* WHAT THE TASK REQUIRES: Give back the entries exactly as they read, leaving each image out.

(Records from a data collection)
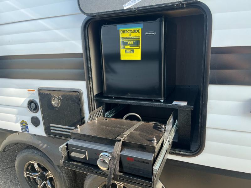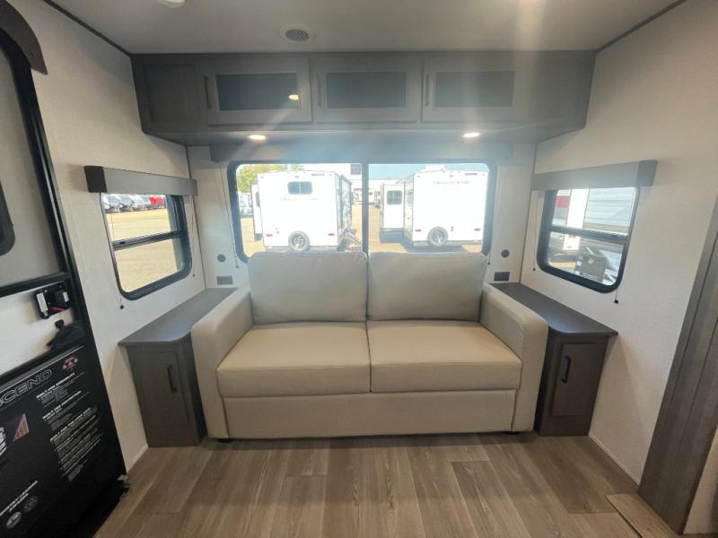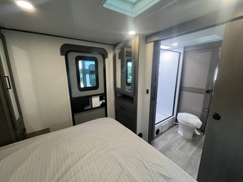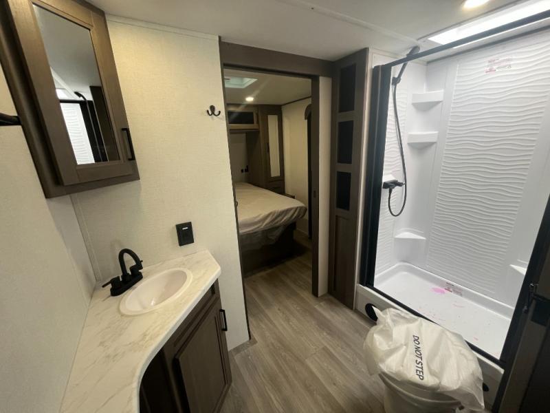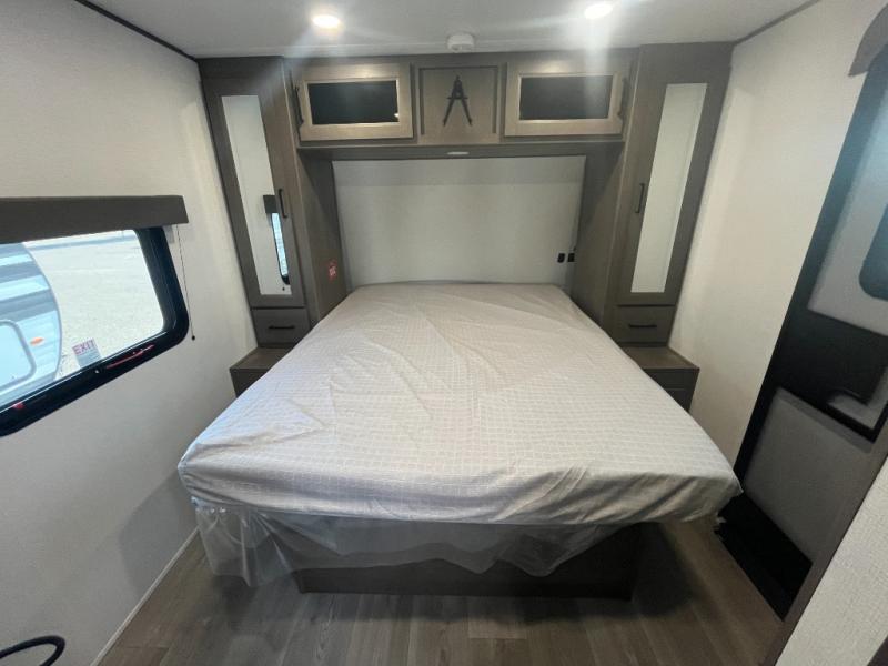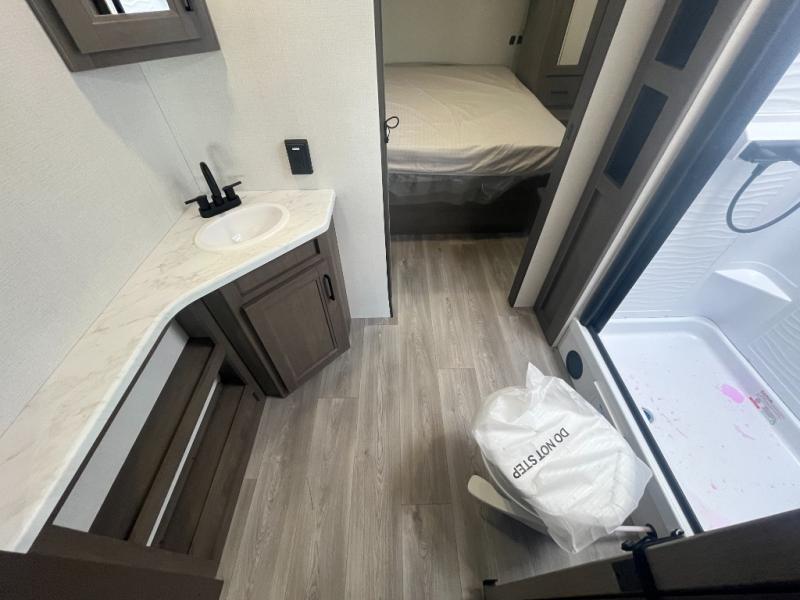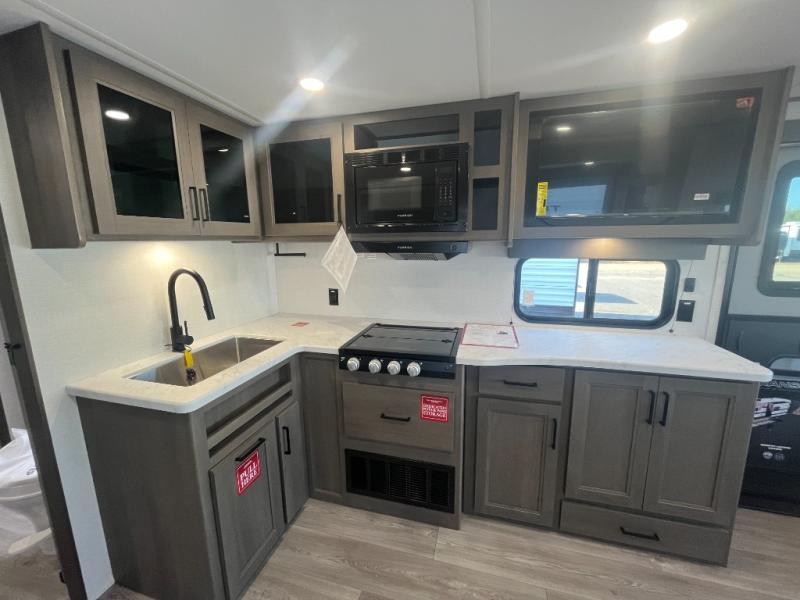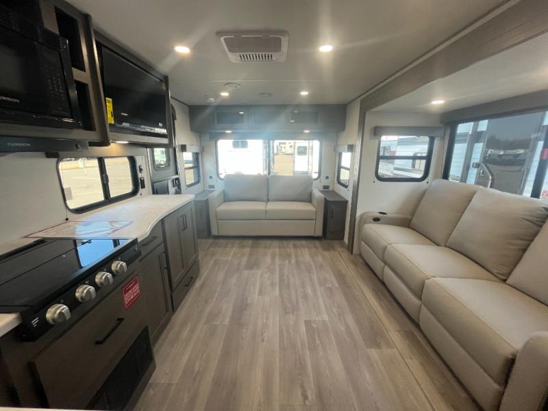 the amount of interior space you have in the living area thanks to the theater seats. The rear 70" sleeper sofa will be perfect for guests to sleep on, and the 32" TV lets you enjoy movie nights. There is a three burner range and convection microwave/combo air fryer to cook meals inside, or you can cook on the exterior griddle with a 1.7 cu. ft. refrigerator. And the 17' power awning will provide much wanted shade as you visit with friends. Back inside, the walk-thru bath is both spacious and convenient since it can be accessed from the main living area and the front master bedroom. Here, you'll find a queen bed, storage space, plus TV prep if you want to add a television. You even have your own exterior entry door for convenience!
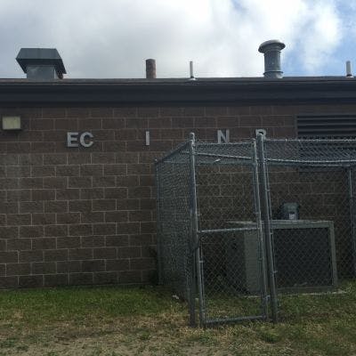 Walking along the side of the recreation center there was a large tear in the fence. This tear was big enough for a person to walk through without any problem.
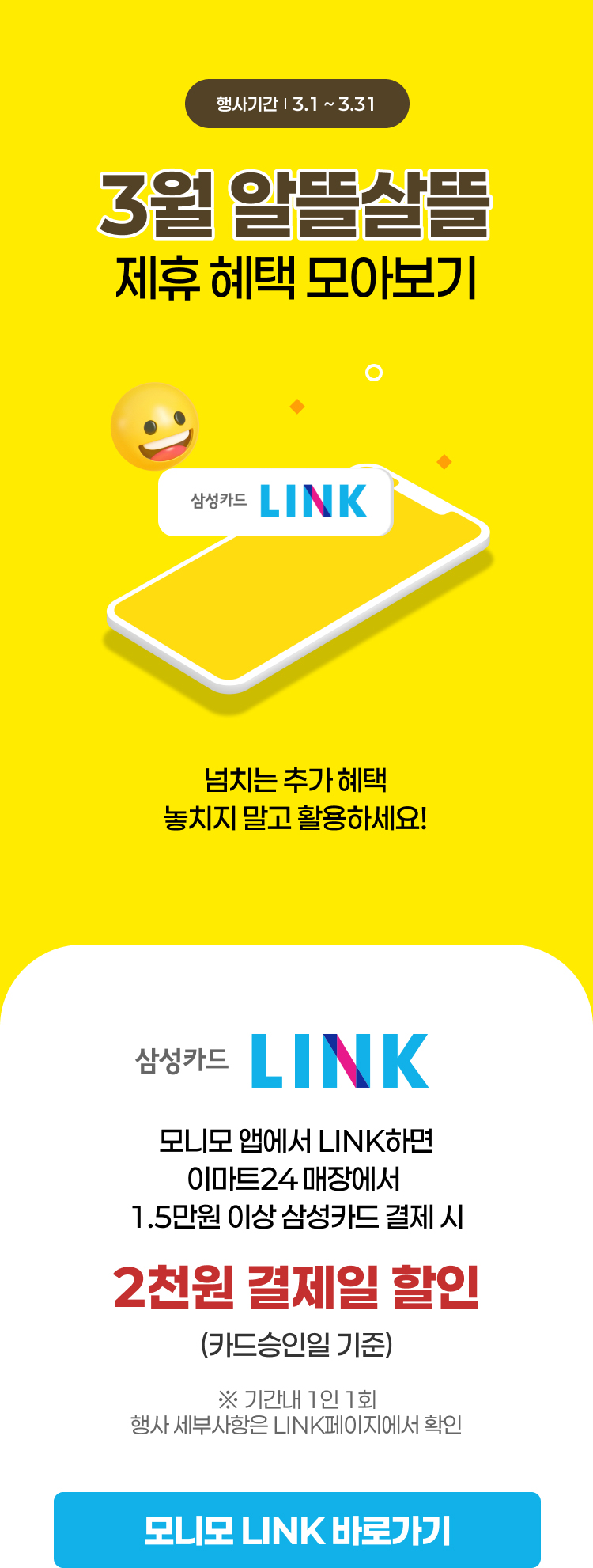 - 모니모 앱에서 LINK하면 이마트24 매장에서 1.5만원 이상 삼성카드 결제 시
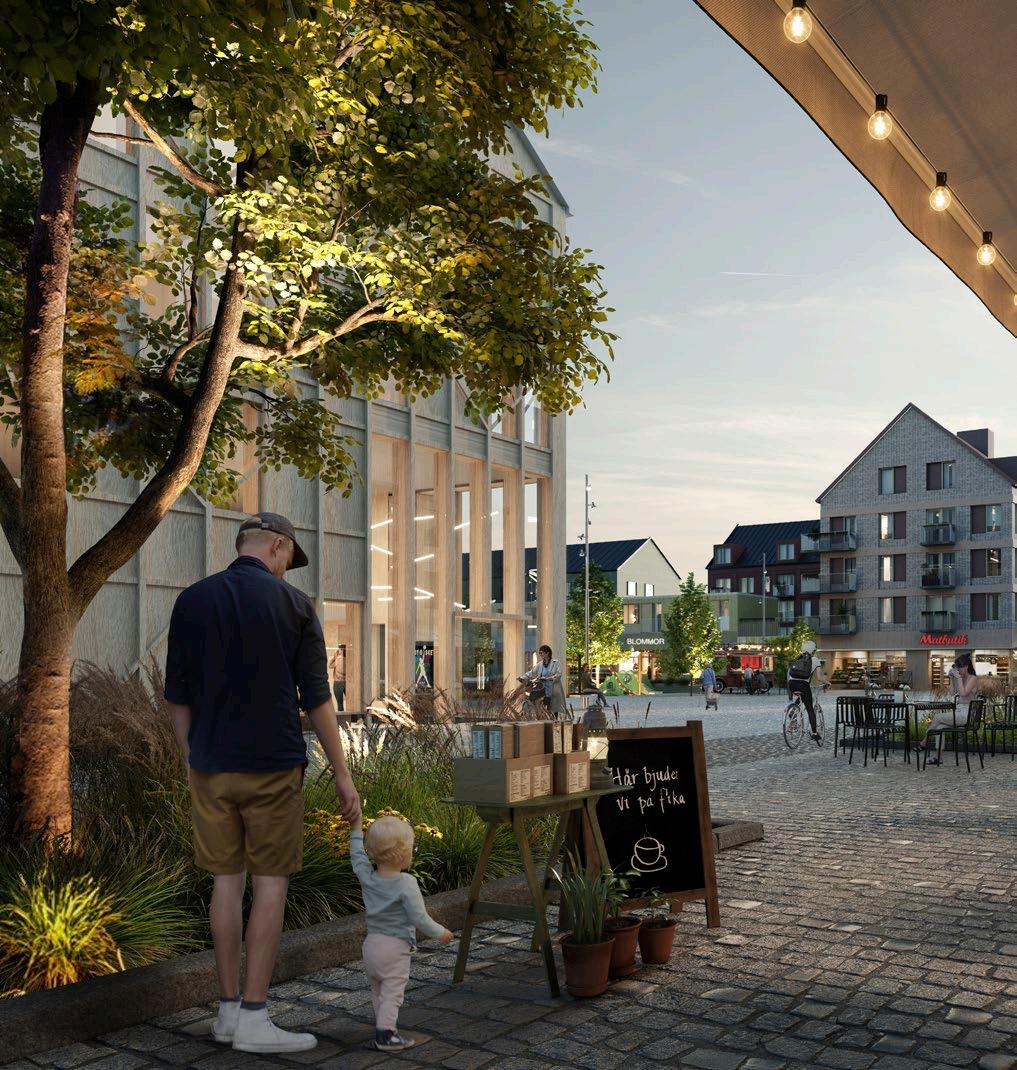 Viby torg år 2027. Barn och föräldrar på väg till den nyöppnade Raoul Wallenbergskolan, till Hemköpsbutiken eller jobbet. Runt torget finns små mysiga fik och butiker.
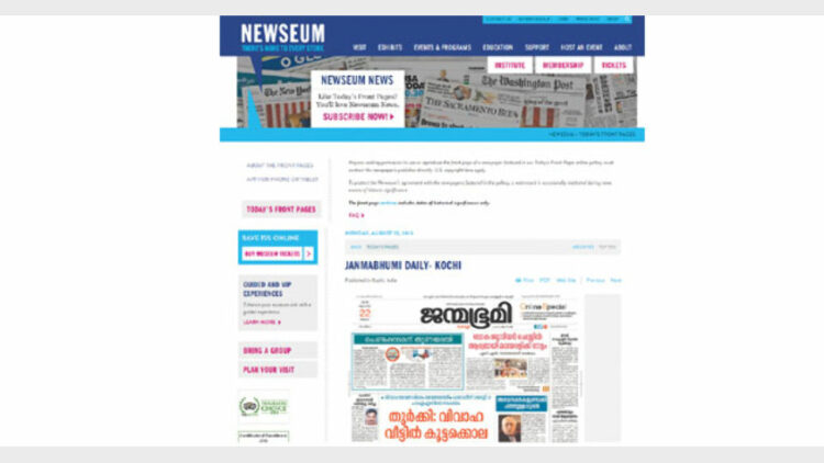 മൊത്തം 819 പത്രങ്ങളുടെ ഒന്നാം പേജുകളാണ് ഇതിന്റെ ഓണ്ലൈനില് കാണാവുന്നത് – അതില് ‘ജന്മഭൂമി’യുടെ ആറ് പതിപ്പുകളുടെയും ഒന്നാം പേജ് കാണാം. newseum.org സന്ദര്ശിച്ച് Asia നോക്കുക.
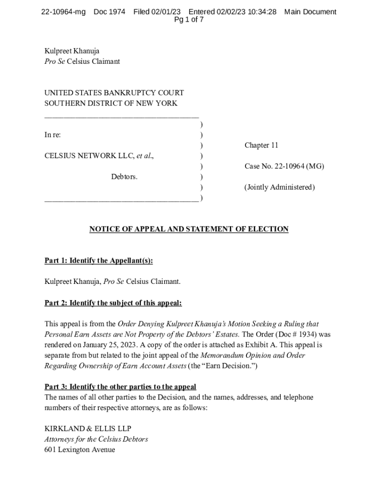2210964mgDoc 1974Filed 02/01/23 Entered 02/02/23 10:34:28 Pg 1 of 7Main DocumentKulpreet Hanuka Pro Se Celsius ClaimantUNITED STATES BANKRUPTCY COURT SOUTHERN DISTRICT OF NEW YORK ___) In re:)) CELSIUS
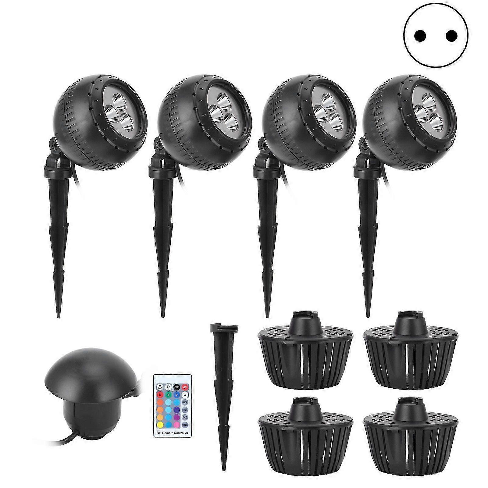 Feature:1. A set of 4 10W RGB pond lights with plugs, totaling 980LM. Its chip is brighter and more stable than standard chips, and brighter than solar garden lights.2. Remote control 20 kinds of static lighting effects and 4 kinds of dynamic effects. You can adjust the brightness of the static effect and the speed of the dynamic effect, so you can easily control the on or off of the landscape light, set the color and lighting mode.3. The LED underwater light requires a low working voltage of 12V, which will not cause danger to people and fish, and is safe and reliable.4. With low voltage, its power consumption is reduced and its brightness is super high, but it can operate at low temperatures.5. The method of use is simple, just plug in the power supply and use it, which is practical and convenient.Specification:Item Type: Underwater LightMaterial: ABSWeight: Approx. 1626g or 57.4ozLight Body Size: Approx. 9x12cm or 3.5x4.7inInput Voltage: AC 100-240VOutput Voltage: DC 12VPower Per Lamp: 2.5WWaterproof Rating: IP68Light Color: RGBPower Cord Length: Approx. 0.45m or 1.5ftController Cable Length: Approx. 5m or 16.4ftLight Source: 5050 RGB SMDNumber of LEDs: 3Pcs or lamp, 12Pcs in totalEffective Life: 30000 hoursWorking Temperature: -4F-104FThe remote control is shipped with batteriesBattery Type: button batteryBattery Model: CR2025Battery Capacity: 150mAhNumber of Battery: 1How to Use:It can be used when it is connected to the power supply. You can use the remote control to change the color and pattern according to your own preferences or mood..Package List:1 x EU Plug Power Supply4 x Garden Light1 x Controller with a Cable Length of 5m1 x RF Controller1 x 1 to 4 Distributor5 x Ground Thorn4 x Diving Base4 x Lampshade1 x Manual

* EXERCISE OUTPUT:
 the amount of interior space you have in the living area thanks to the theater seats. The rear 70" sleeper sofa will be perfect for guests to sleep on, and the 32" TV lets you enjoy movie nights. There is a three burner range and convection microwave/combo air fryer to cook meals inside, or you can cook on the exterior griddle with a 1.7 cu. ft. refrigerator. And the 17' power awning will provide much wanted shade as you visit with friends. Back inside, the walk-thru bath is both spacious and convenient since it can be accessed from the main living area and the front master bedroom. Here, you'll find a queen bed, storage space, plus TV prep if you want to add a television. You even have your own exterior entry door for convenience!
 Walking along the side of the recreation center there was a large tear in the fence. This tear was big enough for a person to walk through without any problem.
 - 모니모 앱에서 LINK하면 이마트24 매장에서 1.5만원 이상 삼성카드 결제 시
 Viby torg år 2027. Barn och föräldrar på väg till den nyöppnade Raoul Wallenbergskolan, till Hemköpsbutiken eller jobbet. Runt torget finns små mysiga fik och butiker.
 മൊത്തം 819 പത്രങ്ങളുടെ ഒന്നാം പേജുകളാണ് ഇതിന്റെ ഓണ്ലൈനില് കാണാവുന്നത് – അതില് ‘ജന്മഭൂമി’യുടെ ആറ് പതിപ്പുകളുടെയും ഒന്നാം പേജ് കാണാം. newseum.org സന്ദര്ശിച്ച് Asia നോക്കുക.
2210964mgDoc 1974Filed 02/01/23 Entered 02/02/23 10:34:28 Pg 1 of 7Main DocumentKulpreet Hanuka Pro Se Celsius ClaimantUNITED STATES BANKRUPTCY COURT SOUTHERN DISTRICT OF NEW YORK ___) In re:)) CELSIUS
 Feature:1. A set of 4 10W RGB pond lights with plugs, totaling 980LM. Its chip is brighter and more stable than standard chips, and brighter than solar garden lights.2. Remote control 20 kinds of static lighting effects and 4 kinds of dynamic effects. You can adjust the brightness of the static effect and the speed of the dynamic effect, so you can easily control the on or off of the landscape light, set the color and lighting mode.3. The LED underwater light requires a low working voltage of 12V, which will not cause danger to people and fish, and is safe and reliable.4. With low voltage, its power consumption is reduced and its brightness is super high, but it can operate at low temperatures.5. The method of use is simple, just plug in the power supply and use it, which is practical and convenient.Specification:Item Type: Underwater LightMaterial: ABSWeight: Approx. 1626g or 57.4ozLight Body Size: Approx. 9x12cm or 3.5x4.7inInput Voltage: AC 100-240VOutput Voltage: DC 12VPower Per Lamp: 2.5WWaterproof Rating: IP68Light Color: RGBPower Cord Length: Approx. 0.45m or 1.5ftController Cable Length: Approx. 5m or 16.4ftLight Source: 5050 RGB SMDNumber of LEDs: 3Pcs or lamp, 12Pcs in totalEffective Life: 30000 hoursWorking Temperature: -4F-104FThe remote control is shipped with batteriesBattery Type: button batteryBattery Model: CR2025Battery Capacity: 150mAhNumber of Battery: 1How to Use:It can be used when it is connected to the power supply. You can use the remote control to change the color and pattern according to your own preferences or mood..Package List:1 x EU Plug Power Supply4 x Garden Light1 x Controller with a Cable Length of 5m1 x RF Controller1 x 1 to 4 Distributor5 x Ground Thorn4 x Diving Base4 x Lampshade1 x Manual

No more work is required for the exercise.